'''

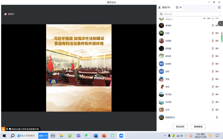11月29日上午,法学院国际法所党支部召开专题组织生活会,集体学习习近平总书记在主持中共中央政治局第十次集体学习时重要讲话精神。会议以线上线下相结合的方式进行。
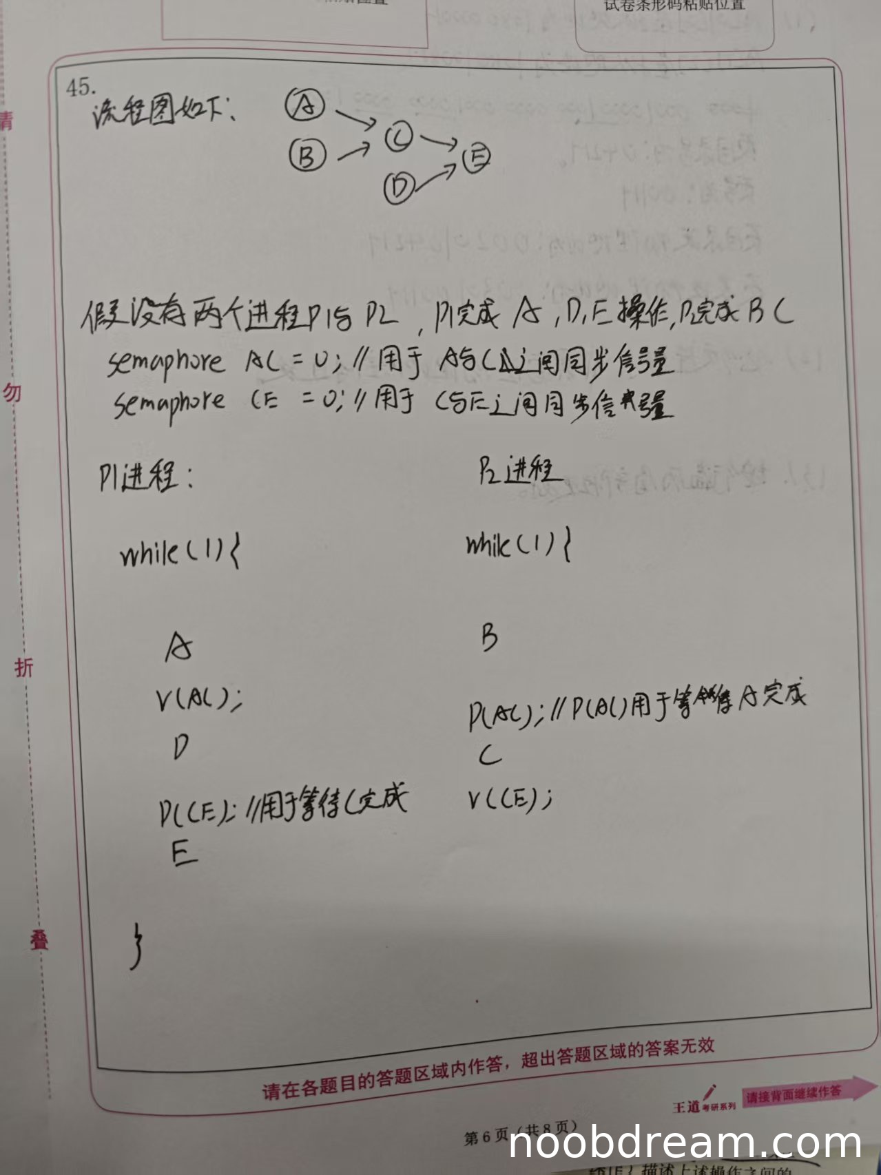 - 逻辑错误:题目要求操作C必须在A和B都完成后执行,但学生的方案中,P2进程(执行B和C)通过P(AC)只等待了A完成,没有等待B完成。实际上,B和A是并发执行的,但C在B执行后没有等待B完成的同步机制(因为B和C在同一个进程内顺序执行,这隐含了B在C之前,但缺少了对A的等待的显式同步)。然而,学生的方案中,P(AC)信号量由A操作后V(AC)置位,P2中P(AC)等待A完成,但C的执行还依赖于B的完成,而B在同一个进程中,所以C确实在B之后执行,但缺少了对A和B都完成的明确同步保证(因为如果A很慢,P2可能阻塞在P(AC),然后执行B和C;但如果A很快,P2可能先执行B,然后阻塞在P(AC)等待A,这可能导致C在A完成前就执行了B,但C必须等待A和B都完成,这里逻辑不严谨)。更严重的是,学生的方案中,P1进程执行A、D、E,P2进程执行B、C,但操作E必须在C和D完成后执行,而学生的P1中,E之前只P(CE)等待C完成,没有等待D完成(因为D在P1中在A之后、P(CE)之前执行,所以D肯定在E之前执行,但缺少显式同步,且如果D执行时间很长,可能影响E的执行顺序,但逻辑上D在E之前执行是满足的)。然而,学生的方案中缺少了D和E之间的同步信号量,标准答案中需要S_DE信号量,这里缺失。
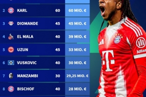 体育资讯12月26日讯 德国转会市场盘点了2025年德甲身价涨幅榜,拜仁两将奥利塞、伦纳特·卡尔分别上涨6500万欧和6000万欧位居前二。
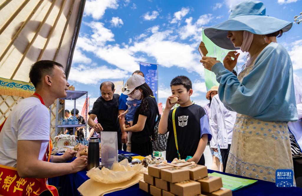 6月10日,游客在呼和浩特市玉泉區大召歷史文化廣場“內蒙古非遺集市自治區主場活動”上選購非遺文創產品“傳統羊脂皂”。
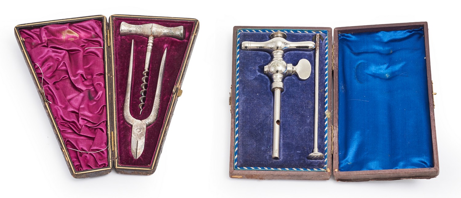 Comprising a boxed French champagne tap, bearing a paper to the base 'Champagne on tap/ The cheesetaste tap' with directions, and a 19th century engraved steel cork screw and pliers set with case.
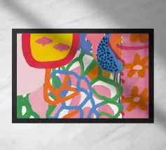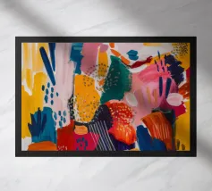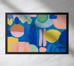 Een levendige en speelse abstracte compositie met een reeks organische, klodderachtige vormen in fel blauw, roze en geel. De spontane vormen en energieke kleuren creëren een gevoel van vreugdevolle artistieke expressie.
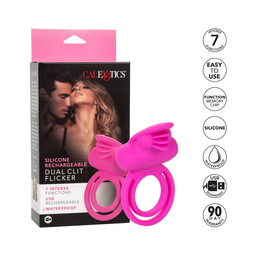 The Silicone Rechargeable Dual Clit Flicker mixes 7 intense functions of vibration with an erotically fluttering package for double the knee-shaking pleasure. This dual stimulator ring sizes are great for beginners looking to spice things up or erotic experts looking to add intense pleasure to their arsenal.
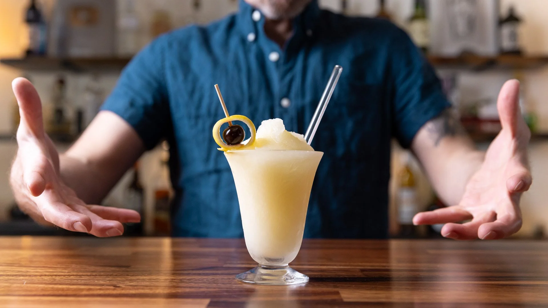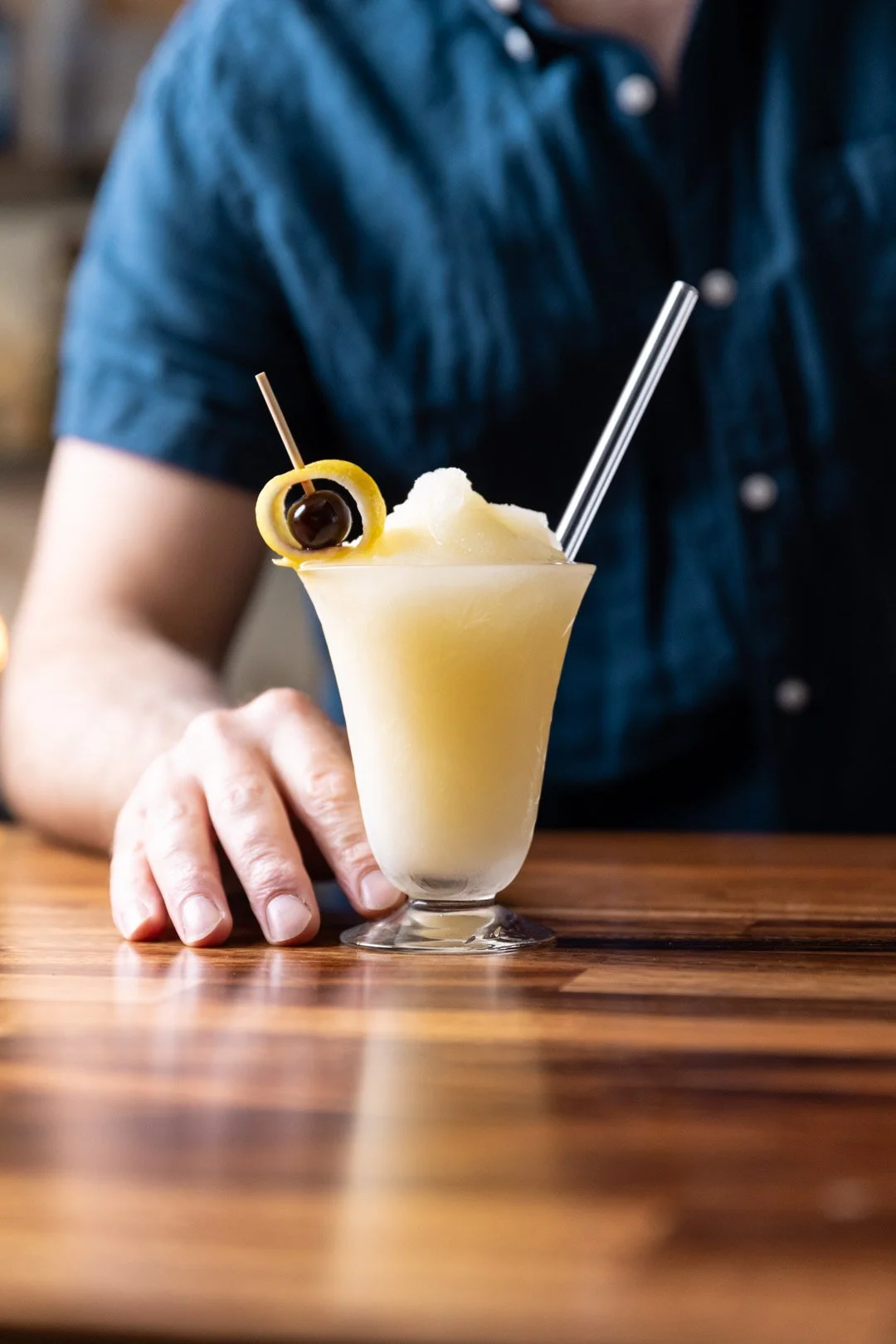 Today’s drink is the Saturn! This is a space age tiki drink that balances an assortment of tropical flavors. With two syrups and one liqueur, there’s plenty of sugar to hold up to the dilution of blending with crushed ice. Not everyone does this, but the result is an easy-to-drink frozen cocktail that’s perfect on a hot day! The Saturn is favorite of mine. Hope you enjoy it too! Cheers!
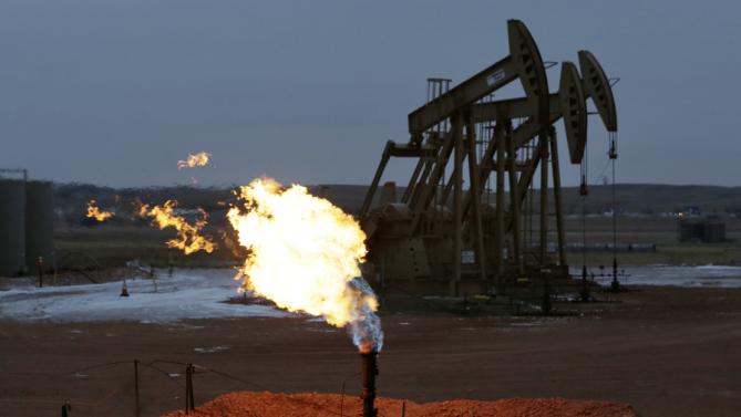 Dec. 17, 2014. Oil pumps work behind a natural gas flare near Watford City, N.D. (AP Photo/Eric Gay, File)
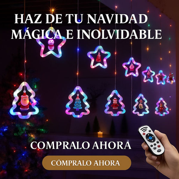 Luces Cortina Navideña. Estrella y Arbol
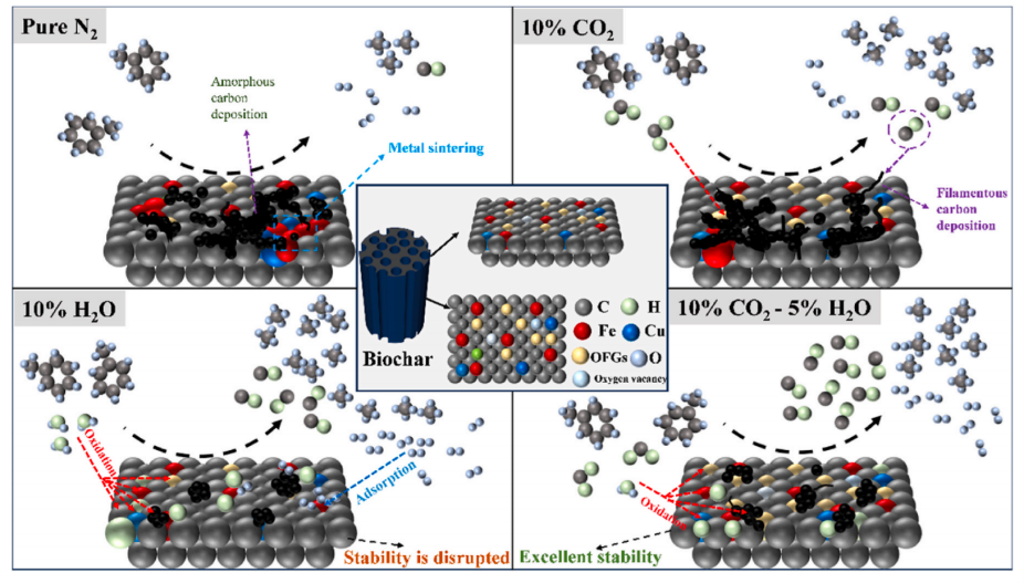 在Journal of the Energy Institute上发表的“ CO2-H2O Synergy Enables Stable Tar Model Compound Reforming over Fe–Cu Biochar Catalyst for Clean Hydrogen Production” (点击阅读),硕士研究生张健凯为第一作者,叶超副教授为通讯作者,开元集团网站为第一单位。研究结果表明,10%CO2-5%H2O混合气氛能够有效抑制碳沉积,缓解金属颗粒烧结,防止过度氧化诱导的失活,并协同稳定催化剂表面的含氧官能团。该研究为开发高度稳定的生物质气化系统提供了可行的途径和理论基础。
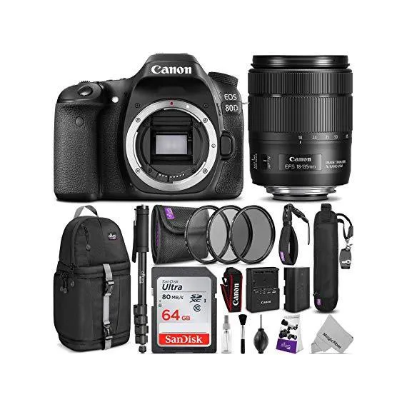 Canon EOS 80D DSLR Camera with EF-S 18-135mm f/3.5-5.6 is USM Lens w/Advanced Photo & Travel Bundle - Includes: Altura Photo Backpack, SanDisk 64gb SD Card, Monopod, Filter Kit and Neck Strap
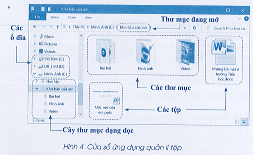 Trên thanh điều hướng của cửa sổ phần mềm quản lí tệp, hộp đường dẫn cho biết thư mục nào đang mở. Ở Hình 4, thư mục đang mở là thư mục “Kho báu của em”.
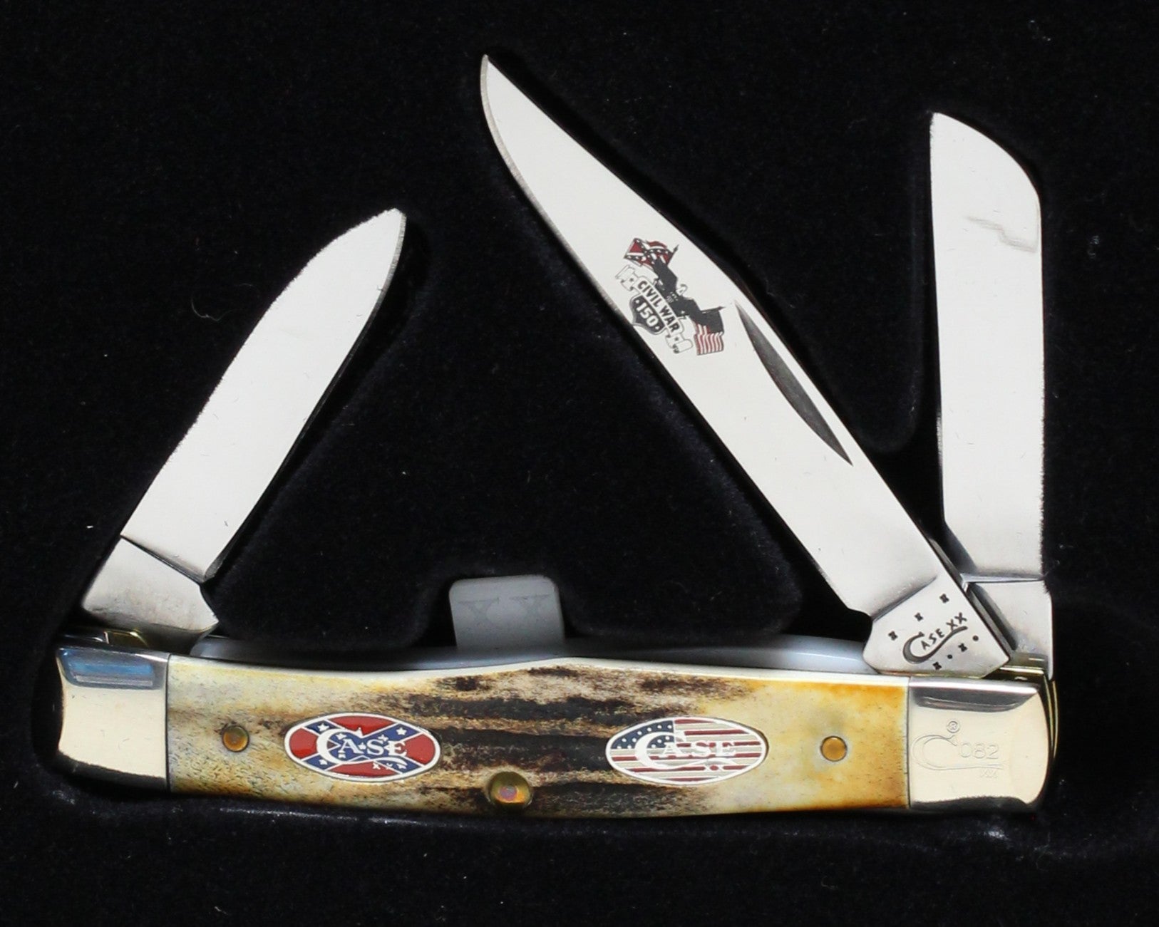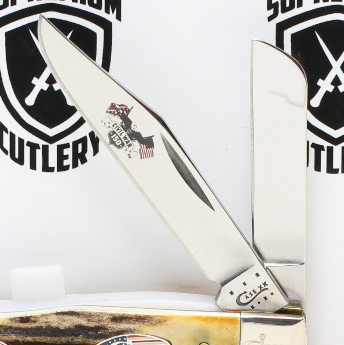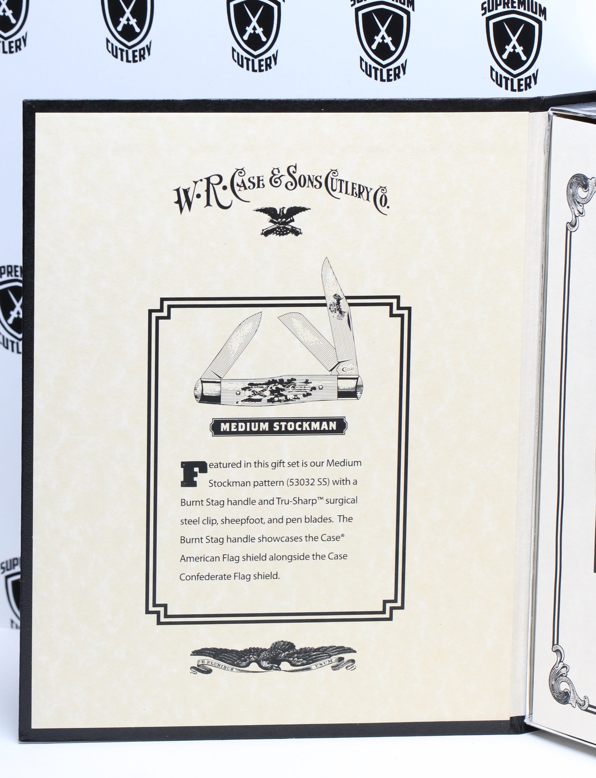 The featured knife is a Medium Stockman pattern (53032 SS) outfitted with a genuine Burnt Stag handle. It boasts three Tru-Sharp surgical stainless steel blades: clip, sheepfoot, and pen. The clip blade is etched with the Civil War 150 logo, which includes crossed Confederate and Union flags—a nod to the duality and tragedy of the conflict.

'''

- [What is expected] The response should be the full material, repeated exactly, with images removed.

- [Solution to the problem]
11月29日上午,法学院国际法所党支部召开专题组织生活会,集体学习习近平总书记在主持中共中央政治局第十次集体学习时重要讲话精神。会议以线上线下相结合的方式进行。
 - 逻辑错误:题目要求操作C必须在A和B都完成后执行,但学生的方案中,P2进程(执行B和C)通过P(AC)只等待了A完成,没有等待B完成。实际上,B和A是并发执行的,但C在B执行后没有等待B完成的同步机制(因为B和C在同一个进程内顺序执行,这隐含了B在C之前,但缺少了对A的等待的显式同步)。然而,学生的方案中,P(AC)信号量由A操作后V(AC)置位,P2中P(AC)等待A完成,但C的执行还依赖于B的完成,而B在同一个进程中,所以C确实在B之后执行,但缺少了对A和B都完成的明确同步保证(因为如果A很慢,P2可能阻塞在P(AC),然后执行B和C;但如果A很快,P2可能先执行B,然后阻塞在P(AC)等待A,这可能导致C在A完成前就执行了B,但C必须等待A和B都完成,这里逻辑不严谨)。更严重的是,学生的方案中,P1进程执行A、D、E,P2进程执行B、C,但操作E必须在C和D完成后执行,而学生的P1中,E之前只P(CE)等待C完成,没有等待D完成(因为D在P1中在A之后、P(CE)之前执行,所以D肯定在E之前执行,但缺少显式同步,且如果D执行时间很长,可能影响E的执行顺序,但逻辑上D在E之前执行是满足的)。然而,学生的方案中缺少了D和E之间的同步信号量,标准答案中需要S_DE信号量,这里缺失。
 体育资讯12月26日讯 德国转会市场盘点了2025年德甲身价涨幅榜,拜仁两将奥利塞、伦纳特·卡尔分别上涨6500万欧和6000万欧位居前二。
 6月10日,游客在呼和浩特市玉泉區大召歷史文化廣場“內蒙古非遺集市自治區主場活動”上選購非遺文創產品“傳統羊脂皂”。
 Comprising a boxed French champagne tap, bearing a paper to the base 'Champagne on tap/ The cheesetaste tap' with directions, and a 19th century engraved steel cork screw and pliers set with case.
 Een levendige en speelse abstracte compositie met een reeks organische, klodderachtige vormen in fel blauw, roze en geel. De spontane vormen en energieke kleuren creëren een gevoel van vreugdevolle artistieke expressie.
 The Silicone Rechargeable Dual Clit Flicker mixes 7 intense functions of vibration with an erotically fluttering package for double the knee-shaking pleasure. This dual stimulator ring sizes are great for beginners looking to spice things up or erotic experts looking to add intense pleasure to their arsenal.
 Today’s drink is the Saturn! This is a space age tiki drink that balances an assortment of tropical flavors. With two syrups and one liqueur, there’s plenty of sugar to hold up to the dilution of blending with crushed ice. Not everyone does this, but the result is an easy-to-drink frozen cocktail that’s perfect on a hot day! The Saturn is favorite of mine. Hope you enjoy it too! Cheers!
 Dec. 17, 2014. Oil pumps work behind a natural gas flare near Watford City, N.D. (AP Photo/Eric Gay, File)
 Luces Cortina Navideña. Estrella y Arbol
 在Journal of the Energy Institute上发表的“ CO2-H2O Synergy Enables Stable Tar Model Compound Reforming over Fe–Cu Biochar Catalyst for Clean Hydrogen Production” (点击阅读),硕士研究生张健凯为第一作者,叶超副教授为通讯作者,开元集团网站为第一单位。研究结果表明,10%CO2-5%H2O混合气氛能够有效抑制碳沉积,缓解金属颗粒烧结,防止过度氧化诱导的失活,并协同稳定催化剂表面的含氧官能团。该研究为开发高度稳定的生物质气化系统提供了可行的途径和理论基础。
 Canon EOS 80D DSLR Camera with EF-S 18-135mm f/3.5-5.6 is USM Lens w/Advanced Photo & Travel Bundle - Includes: Altura Photo Backpack, SanDisk 64gb SD Card, Monopod, Filter Kit and Neck Strap
 Trên thanh điều hướng của cửa sổ phần mềm quản lí tệp, hộp đường dẫn cho biết thư mục nào đang mở. Ở Hình 4, thư mục đang mở là thư mục “Kho báu của em”.
 The featured knife is a Medium Stockman pattern (53032 SS) outfitted with a genuine Burnt Stag handle. It boasts three Tru-Sharp surgical stainless steel blades: clip, sheepfoot, and pen. The clip blade is etched with the Civil War 150 logo, which includes crossed Confederate and Union flags—a nod to the duality and tragedy of the conflict.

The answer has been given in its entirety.